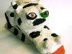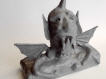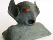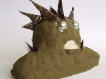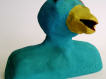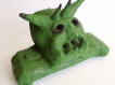 Auf einer Grundplatte (Holz, dicke Pappe) wurde zunächst mit Zeitungspapier, Eierkartons, Styroporverpackung und sonstigen Materialien eine Grundform aufgebaut, die mit Klebeband (Papier, Tesa) und Blumendraht fixiert wurde. Die Augenhöhlen und sonstigen konkaven Formen wurden eingedrückt oder herausgeschnitten. Dann begann der schichtweise Aufbau von unten nach oben mit einer Holzmodelliermasse (Plastika). Alternativ wäre auch Pappmaché geeignet (billiger!). Mit gerolltem, gefaltetem oder gedrehtem Papier wurden noch letzte Ergänzungen angefügt und ebenfalls überformt.
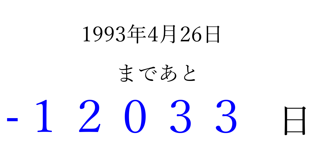 1993年4月26日(月)は もう 00000 日過ぎました 追加すると、トップページからすぐ選べるようになります ※2026/04/06現在の結果です。 最新の状態に更新する ↓シェアして、タイムライン上にカウントダウンを表示しよう!↓ 📤 この結果を共有する Tweet シェア Threads Bluesky 別の日付でカウントダウン 1993年4月のカレンダー このページをブックマークに追加すると、いつでもカウントダウンを確認できます。 (PC: Ctrl+D / Mac: ⌘+D) hitome-notes.comでは以下のページも運営しています。 指定日と期間から日付を計算 | ガチャ確率計算・シミュレーション | プライバシー・ポリシー 運営者:Avocado
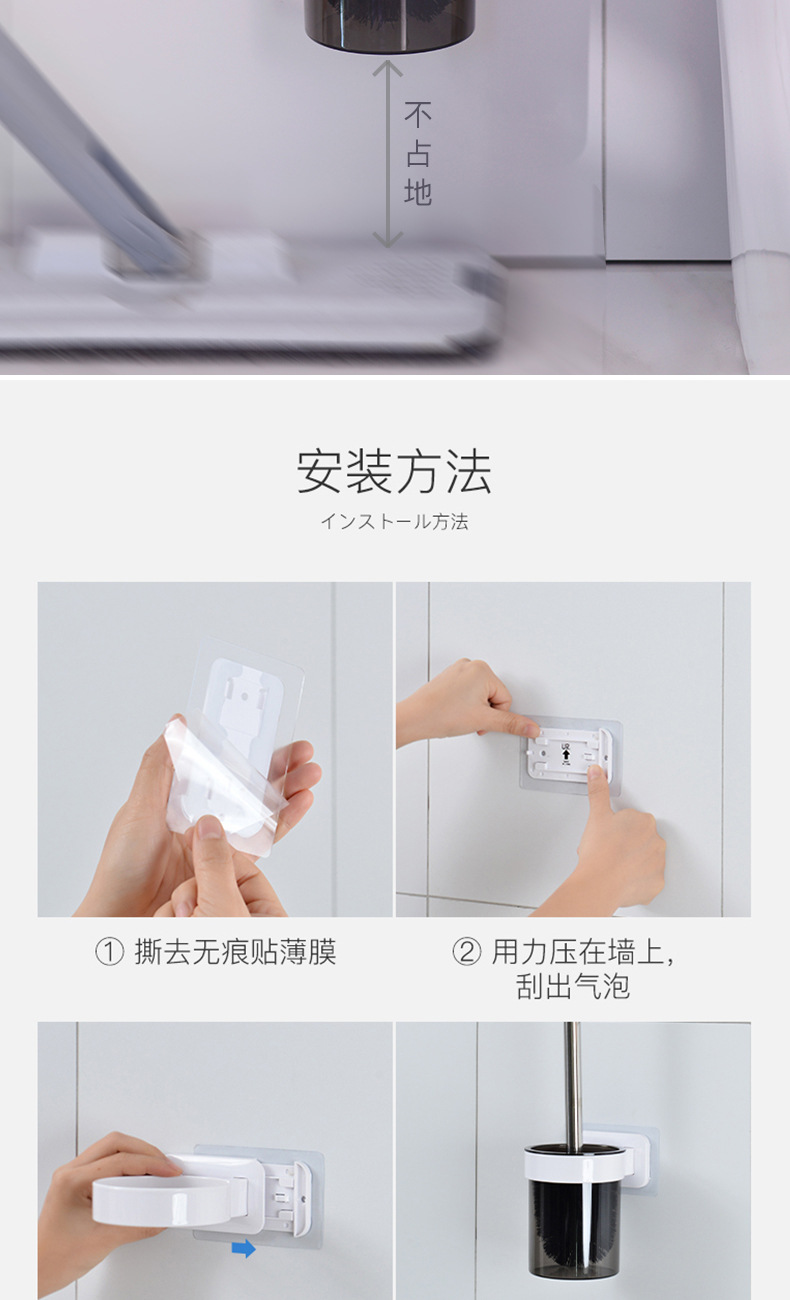 스테인레스 스틸 손잡이 변기 브러시, 흔적 없는 접착제, 벽걸이형 변기 청소, 욕실 청소 브러시, 각도 없이 맞춤 설정 가능스토어 가기
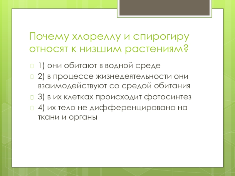 Слайд 9Почему хлореллу и спирогиру относят к низшим растениям?
┄┄┄┄┄┄┄┄┄┄┄┄┄┄┄┄┄┄┄┄
[YOUR GOAL]: Leaving all pictures aside, print exactly the lines from the one that contains "스테인레스 스틸 손잡이" through the last line of the data above, inclusive.

[ANSWER BOX]:
 스테인레스 스틸 손잡이 변기 브러시, 흔적 없는 접착제, 벽걸이형 변기 청소, 욕실 청소 브러시, 각도 없이 맞춤 설정 가능스토어 가기
 Слайд 9Почему хлореллу и спирогиру относят к низшим растениям?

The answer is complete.